She nodded slowly. "Twenty-four years ago, we found you. Or rather... you appeared."

My legs gave way. I dropped into the chair across from her.

"You were... maybe 2 year old. I was visiting my aunt's village—near the hills in Himachal. There was a sudden flash of light in the sky that night. Everyone thought it was a lightning strike. But when we went to check, we found you."

I said nothing. I couldn't.

"You were lying in the middle of a meadow. Asleep. Wrapped in gold cloth that shimmered like firelight. You were glowing."

"Glowing," I echoed, hollow.

"It wasn't normal. Not sunlight. Not fire. You glowed from the inside, like embers trapped under your skin. And... you were so beautiful. Too beautiful. Otherworldly."

She reached into the drawer beside her and pulled something out.

A piece of yellowed paper, folded so many times the edges were fraying.

"I've kept this all these years."

I unfolded it with trembling fingers.

One line. Written in elegant, curling letters.

"Protect her. Don't tell her anything unless she asks. Her name is Aaranya."

No signature. Nothing else.

My voice cracked. "You just... brought me home?"

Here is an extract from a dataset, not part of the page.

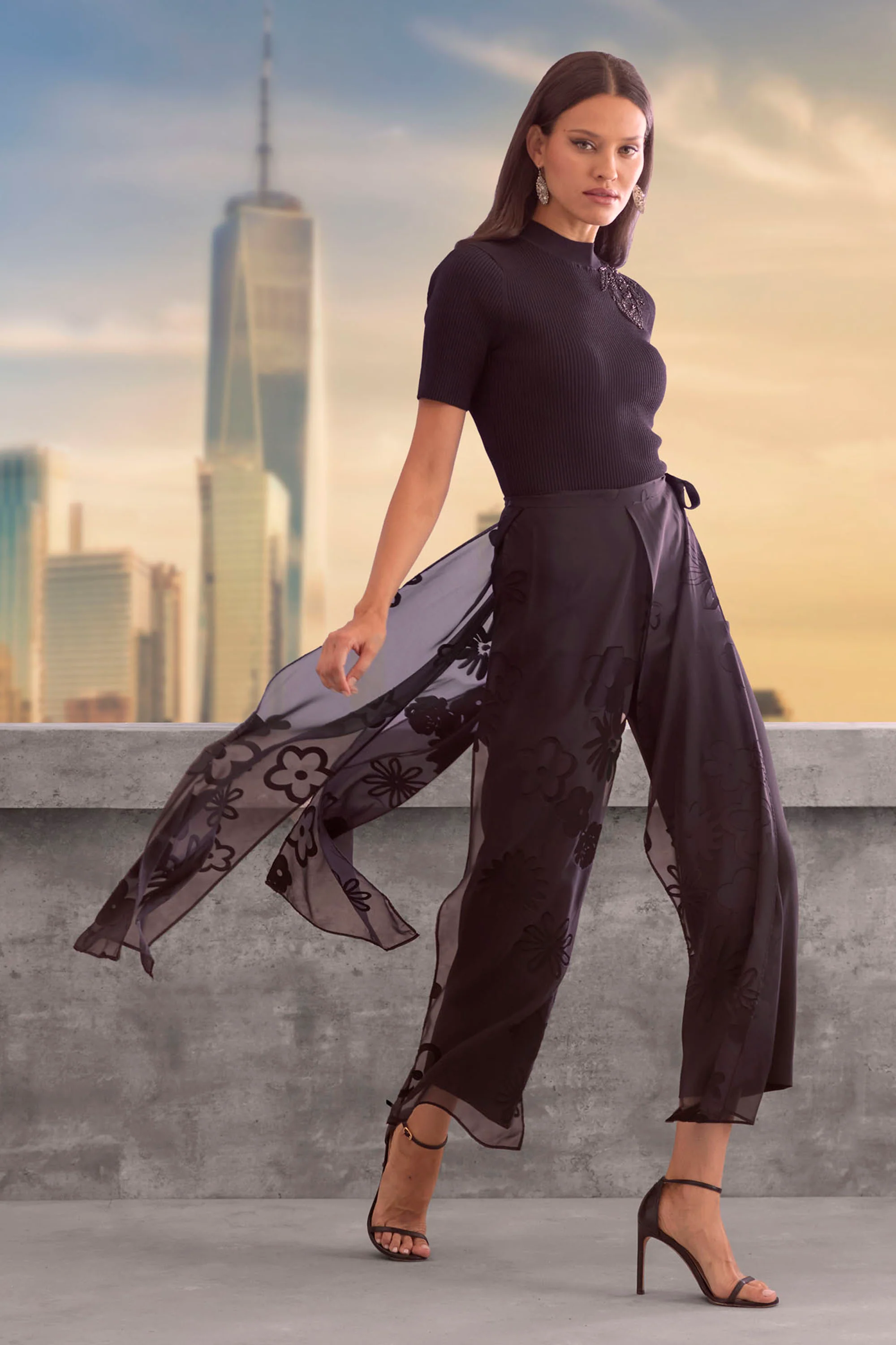 Elevate your wardrobe with Elie's modern take on the season's must have Ribbed Sweater. Sleek and body skimming, all eyes are on the intricate embroidery & beading. A true collector's piece.

She nodded. "We didn't know what else to do. No one in the village claimed you. No one had seen you before. No missing child reports. You were just... there."

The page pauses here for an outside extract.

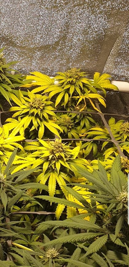 Hier ist BT 57 und meine Pflanzen haben entweder ihr Ende eingeläutet oder irgendwas läuft schief. Ist jetzt auch wurscht, da in 6 Tagen gerodet wird. Das vergilben der Blätter kam schlagartig nach den hohen Temperaturen am Wochenende,hat aber nur die alten Plants erwischt,insofern tendiere ich zu der "wir sind bald Ernte-Reif" Theorie.

My heartbeat thundered in my ears. "So all these years...?"

"I raised you as my own. I never planned to lie, Aaranya. I just thought maybe you'd grow up and... be normal. But then there were signs."

"What signs?"

"The fever that never hurt you. The dreams you had as a kid—about places you'd never seen. You once drew a bird with ten wings and said its name was Auzlin."

My mouth went dry. "I don't even remember that."

"I do," she whispered.

I looked at the note again. My hands shook.

Everything was unraveling.

"You said I appeared. What do you mean? Like... you think I was teleported or something?"

"I don't know," she said. "I've seen things I can't explain. But what happened that made you ask today?"

I rolled up my sleeve and showed her.

The mark.

Still glowing. Still pulsing.

She gasped, covering her mouth. "It's starting."

"What is?"

"I don't know. But I've always felt it. That you weren't meant to stay here forever. That one day something would... change."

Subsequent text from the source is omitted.